Литмир - Электронная Библиотека
A
A

Кроме того, я сделал для себя хоть и небольшое, но весьма полезное открытие — мне стало известно, что в небольшом городке, расположенном на границе с Западной Германией, браки регистрируются по совсем упрощенной системе. Эта процедура настолько проста, что любой паре, в том числе и иностранной, изъявившей желание вступить в законный брак, достаточно было явиться в соответствующее учреждение и попросить их зарегистрировать. Всего через несколько минут они становились мужем и женой. Решив удостовериться, я сам приехал в этот городок, пришел в контору, о которой мне рассказали, сказал, что пишу для России статью об особенностях местного законодательства, и получил всю необходимую мне информацию. Позже я переслал ее в Центр в надежде, что эти сведения там могут пригодиться.

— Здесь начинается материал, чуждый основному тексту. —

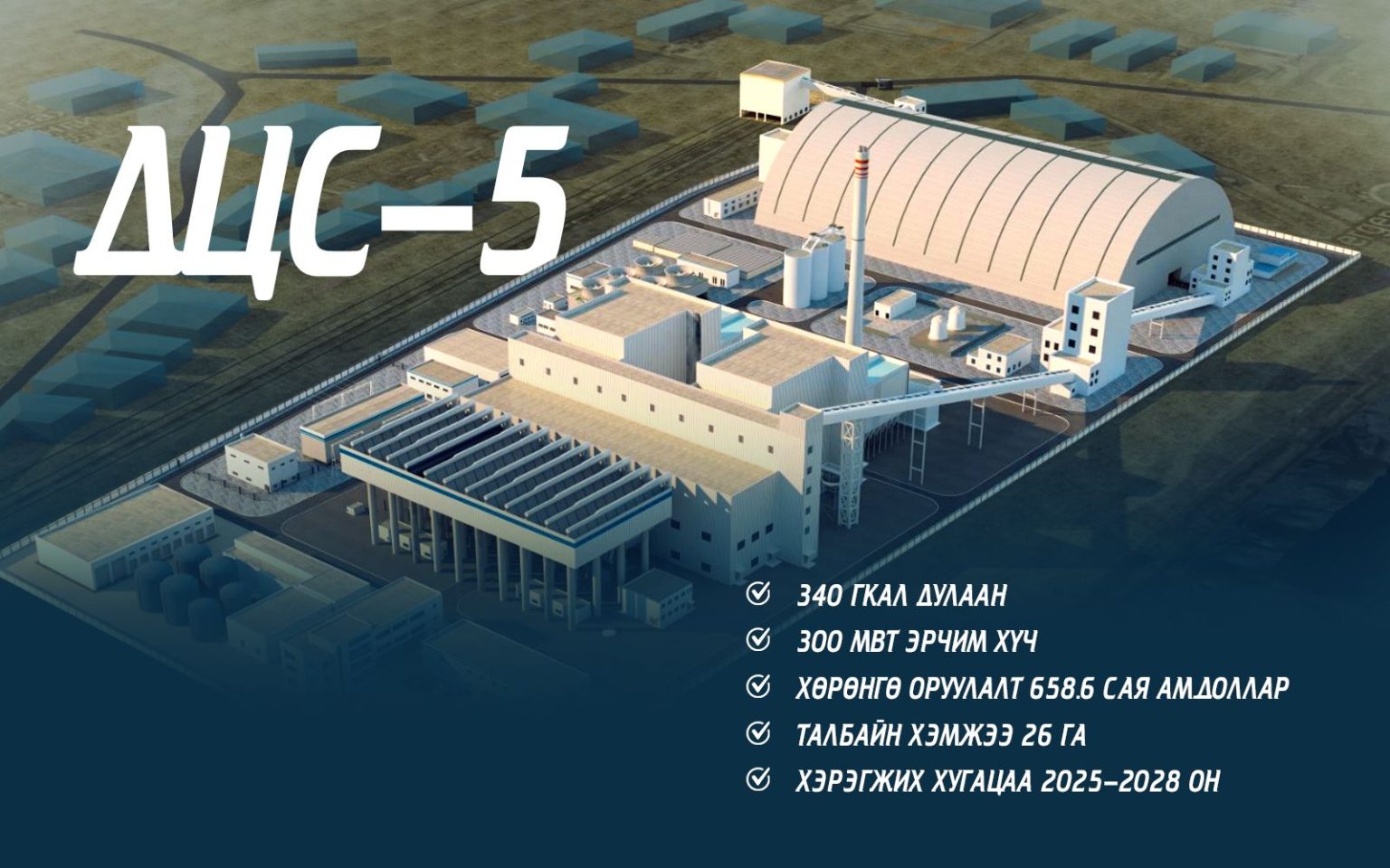 Улаанбаатар хотыг хөгжүүлэх 24 мега төслийн хүрээнд төр, хувийн хэвшлийн түншлэлээр ТЭЦ-5 дулааны цахилгаан станцыг барина. Дулааны тавдугаар цахилгаан станц төслийг Улаанбаатар хотын Баянгол дүүргийн 20-р хорооны нутаг дэвсгэр ДЦС-2-ын үнсэн сангийн талбайн байршилд нийт 26 га газар хэрэгжүүлэхээр төлөвлөөд байна. Тухайн байршлыг сонгох болсон шалтгаан нь харилцаа холбоо, авто болон төмөр замын тээврийн дэд бүтэц сайтайгаас гадна түлш, үнс агуулах талбай нь бэлэн байгааг тооцоолжээ.
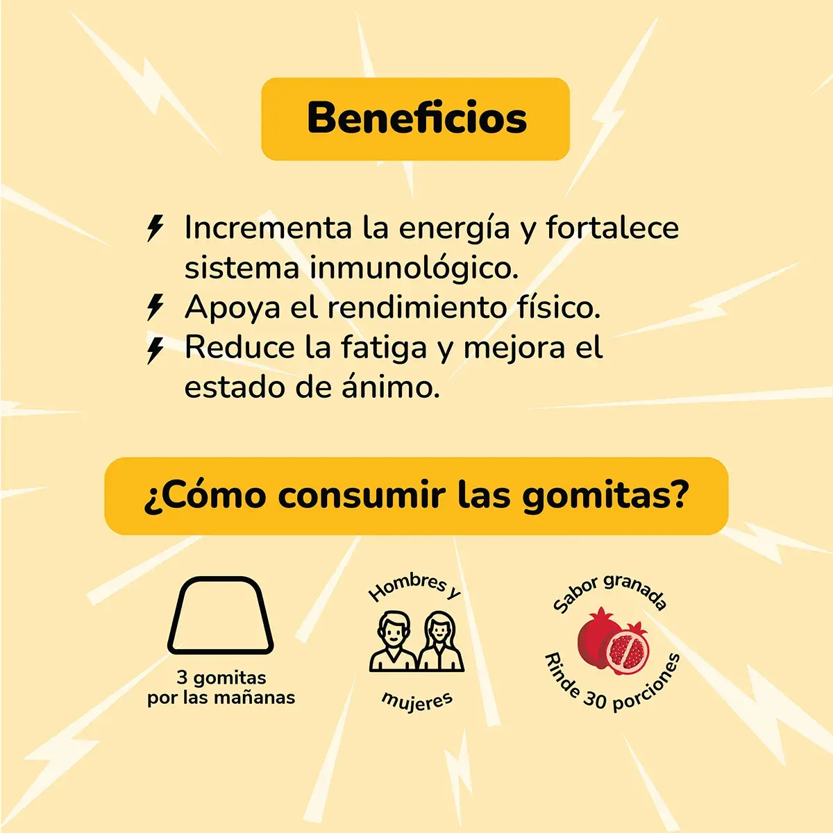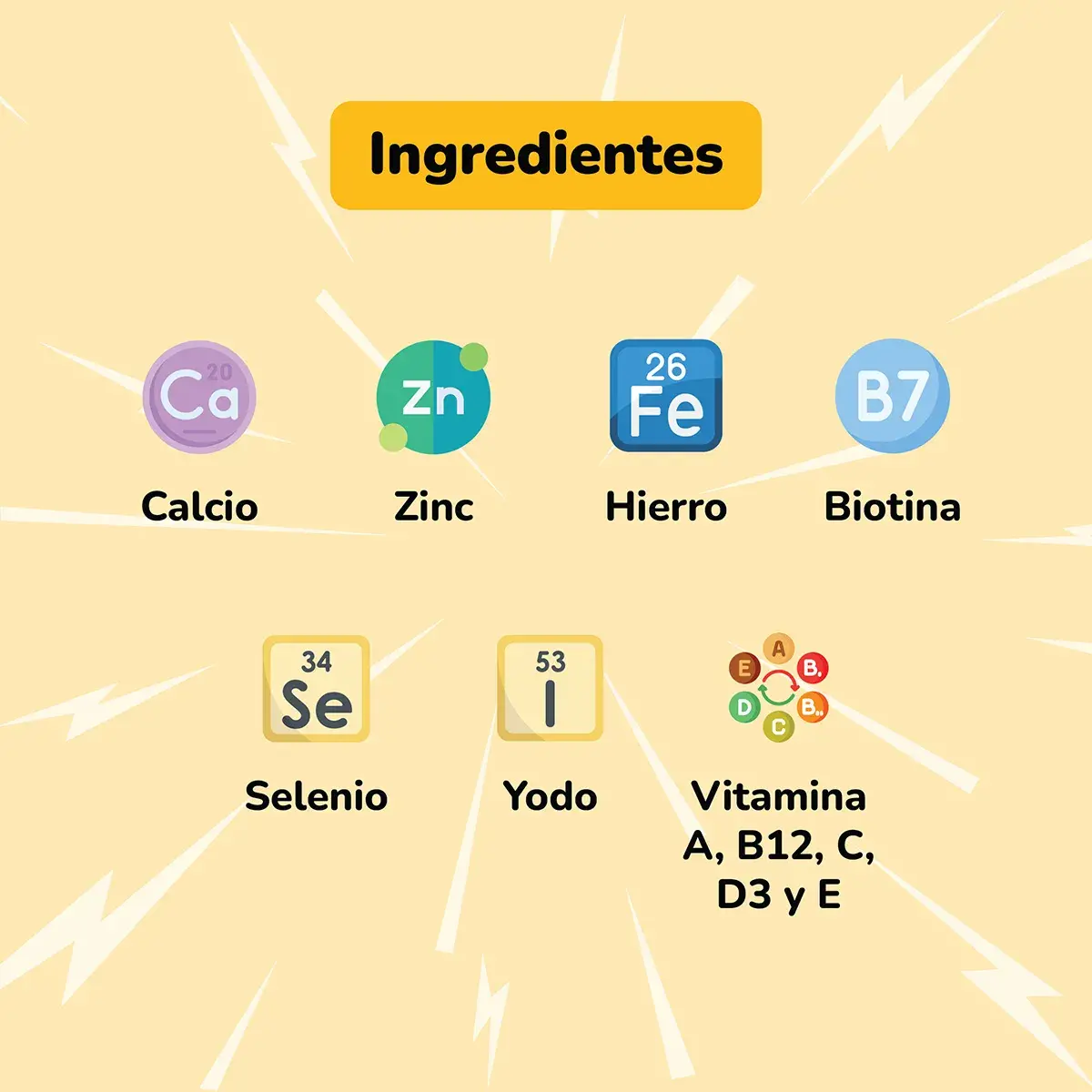 Gomitas Con Vitaminas A, B12, C, D3, E, Biotina, Calcio, Selenio, Yodo Y Zinc, Sabor Frutos Rojos, Sin Azúcar
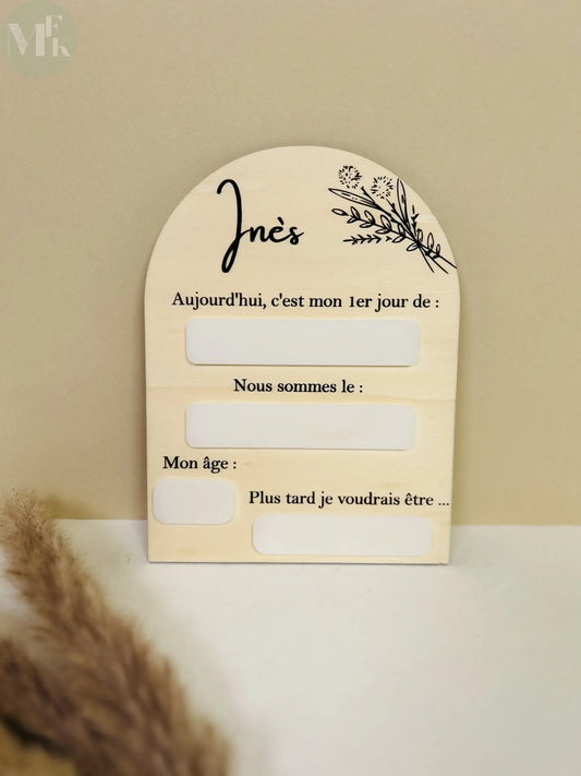 Carte étape bois personnalisée coquillage "SHELL" 12 mois
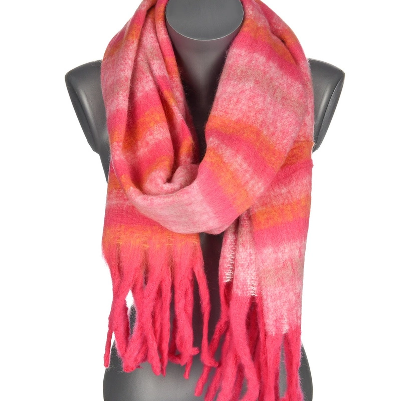 Fuksjowy Jesienny duży Szalik Damski ciepły szal w kratę frędzle szal-77
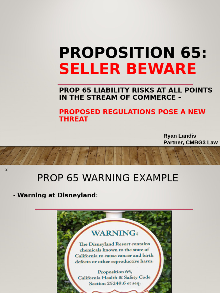 Prop 65 Update Seller Beware re Compliance with Prop 65 warnings
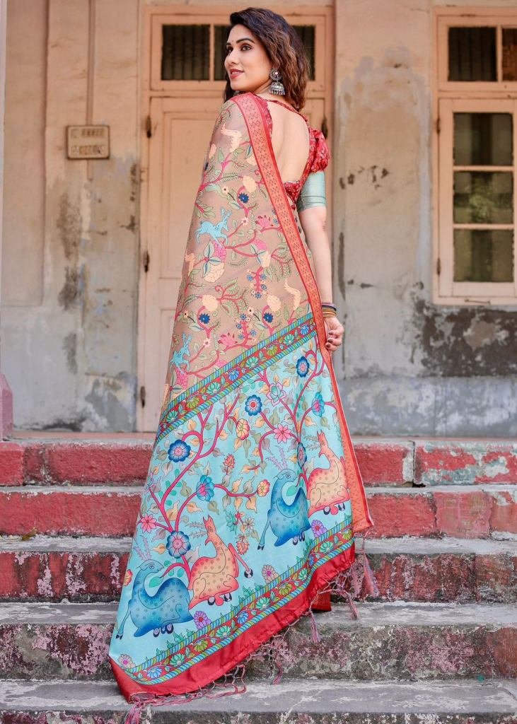Color: Beige & Aqua Base with a classic Red Zari Border featuring vibrant floral artistry
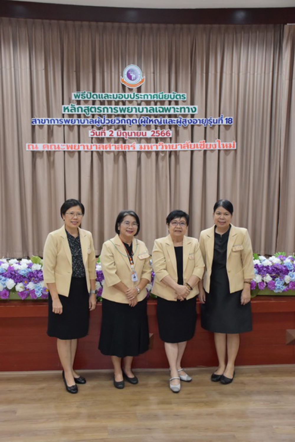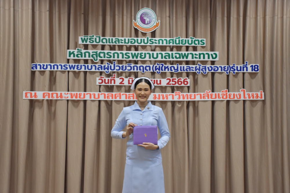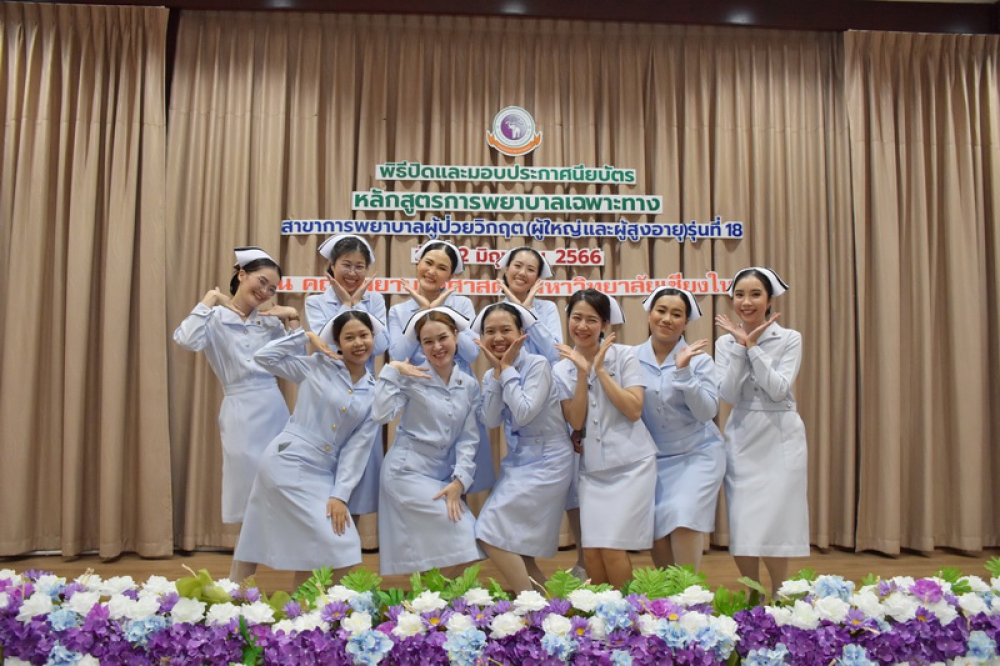 วันศุกร์ที่ 2 มิถุนายน 2566 ศูนย์บริการพยาบาล คณะพยาบาลศาสตร์ มหาวิทยาลัยเชียงใหม่ จัดพิธีปิดและมอบประกาศนียบัตรการอบรมการพยาบาลเฉพาะทางสาขาการพยาบาลผู้ป่วยวิกฤต (ผู้ใหญ่และผู้สูงอายุ) รุ่นที่ 18 โดยมี ผู้ช่วยศาสตราจารย์ ดร.ธานี แก้วธรรมานุกูล คณบดีคณะพยาบาลศาสตร์ เป็นประธานในพิธี และ รองศาสตราจารย์ฉวีวรรณ ธงชัย ผู้อำนวยการศูนย์บริการพยาบามอบประกาศนียบัตรอบรมหลักสูตรการพยาบาลเฉพาะทางสาขาการพยาบาลผู้ป่วยวิกฤต (ผู้ใหญ่และผู้สูงอายุ) รุ่นที่ 18ลและประธานคณะกรรมการสาขาฯ กล่าวรายงานและกล่าวแสดงความยินดี ณ ห้องประชุม ชั้น 5 อาคาร 4 คณะพยาบาลศาสตร์
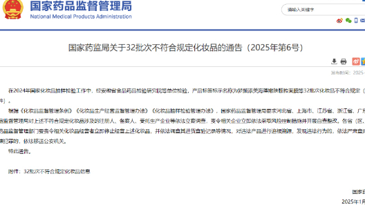 國(guó)家藥監(jiān)局關(guān)于32批次不符合規(guī)定化妝品的通告(2025年第6號(hào))
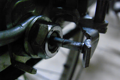 我切換到中段,發現一個問題,並沒有停在桿子中間的那一圈,所以我試著找出可以調線的鬆緊的地方,最後發現這裡如下的照片,中間的細六角帽,可以調整線的鬆緊度。
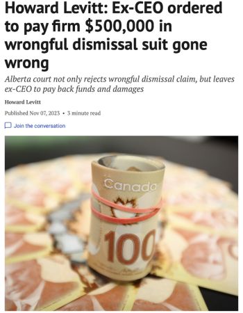 在加拿大,如果出现劳资纠纷,法律往往站在相对弱势的劳方,然而,最近AB省的一个案件却上演了惊天反转。起诉不当解雇并要求赔偿的前首席执行官(CEO)不仅输掉了官司,还要向前雇主支付补偿性和惩罚性赔偿,共计53万加元。
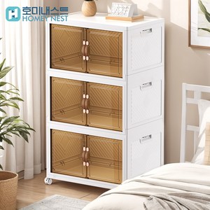 Homey Nest 대용량 리빙박스 가정용 다용도 이동식 폴딩 수납 정리함, 화이트, 3단
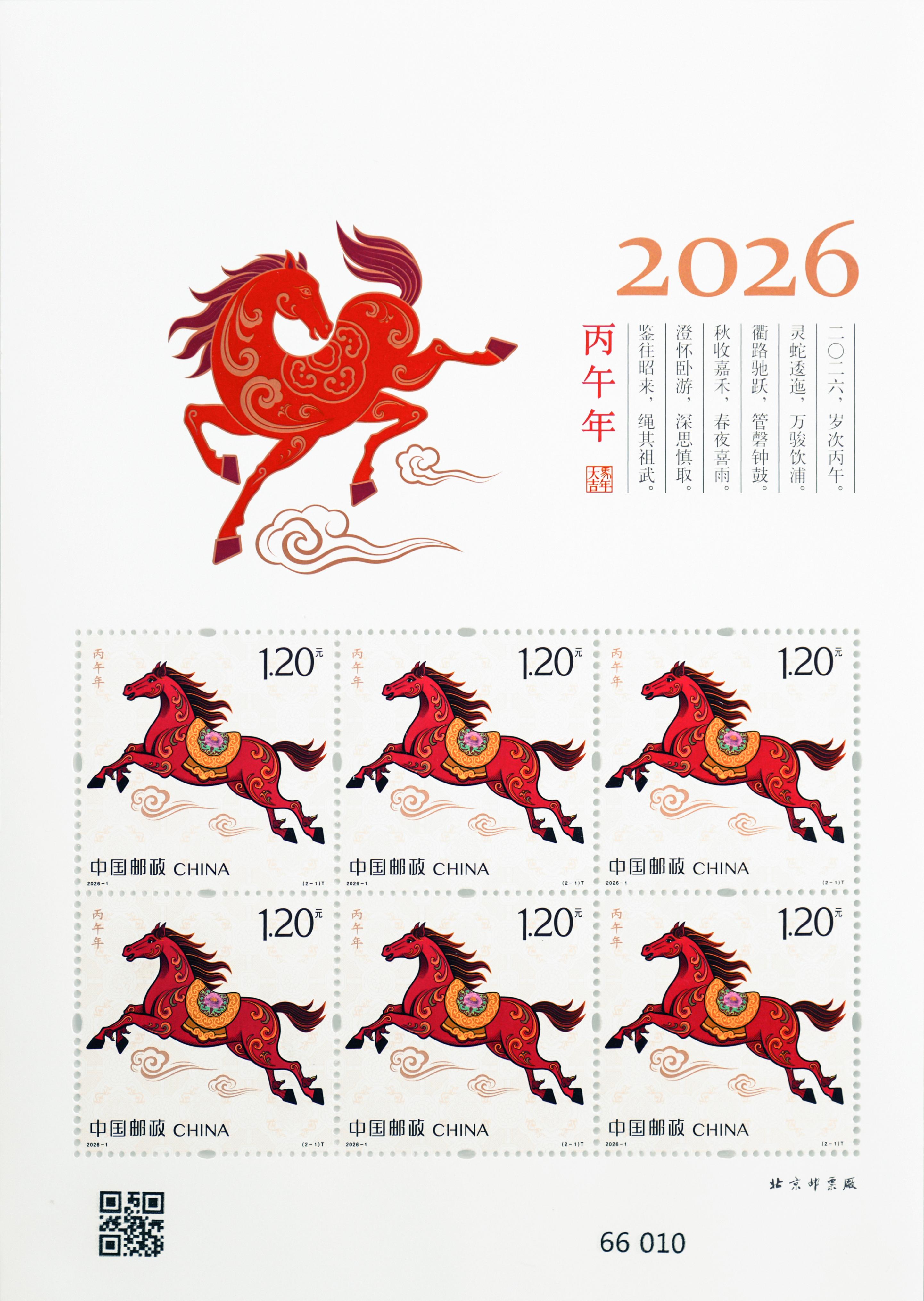 《丙午年》特种邮票全套共2枚,第一枚邮票图案名为“驰跃宏图”,图中红马踏云、鬃毛如焰;第二枚邮票图案名为“万骏臻福”,图中三骏并驰、祥纹环绕。全套邮票面值2.40元,计划发行套票2668万套,版式二162万版,小本票280万本。

В жизни довольно часто возникают любопытные ситуации, которые можно было бы назвать смешными, если бы они не сопровождались жуткой нервотрепкой. Однажды мы оставили в тайнике деньги для нашего нелегала, а в качестве условного сигнала ему положили на подоконник в общественном туалете большой гнутый гвоздь. Ответным сигналом, извещающим, что деньги взяты, должна была служить крышка пивной бутылки, оставленная на другом подоконнике того же туалета. Можно представить наше недоумение, когда мы обнаружили в условленном месте крышку от бутылки не из под обычного пива, а имбирного. Мы были в полной растерянности. Что бы это могло значить? Использовал ли нелегал эту крышку вместо пивной? А может, такой подменой он хотел нас о чем-то предупредить? — терялись мы в догадках, но, невзирая на поздний час, решили все-таки обратиться к Зайцеву. В результате группа из нескольких сотрудников советской разведки до утра жарко спорила, можно ли считать пивом имбирный лимонад, который никто из них и не пробовал, но на бутылке которого тем не менее значилось: «имбирное пиво». Об этом напитке я впервые узнал из автобиографии Карла Маркса. В ней автор между прочим упомянул, что в Хайгейте он купил детям имбирный лимонад. Получалась, имбирное пиво, оно же лимонад, — напиток безалкогольный. Так или иначе, в конце концов мы сошлись на том, что оставленная нелегалом крышка — добрый знак, означающий, что деньги им получены. Позже выяснилось, что мы оказались правы — агент забрал из тайника причитающиеся ему деньги.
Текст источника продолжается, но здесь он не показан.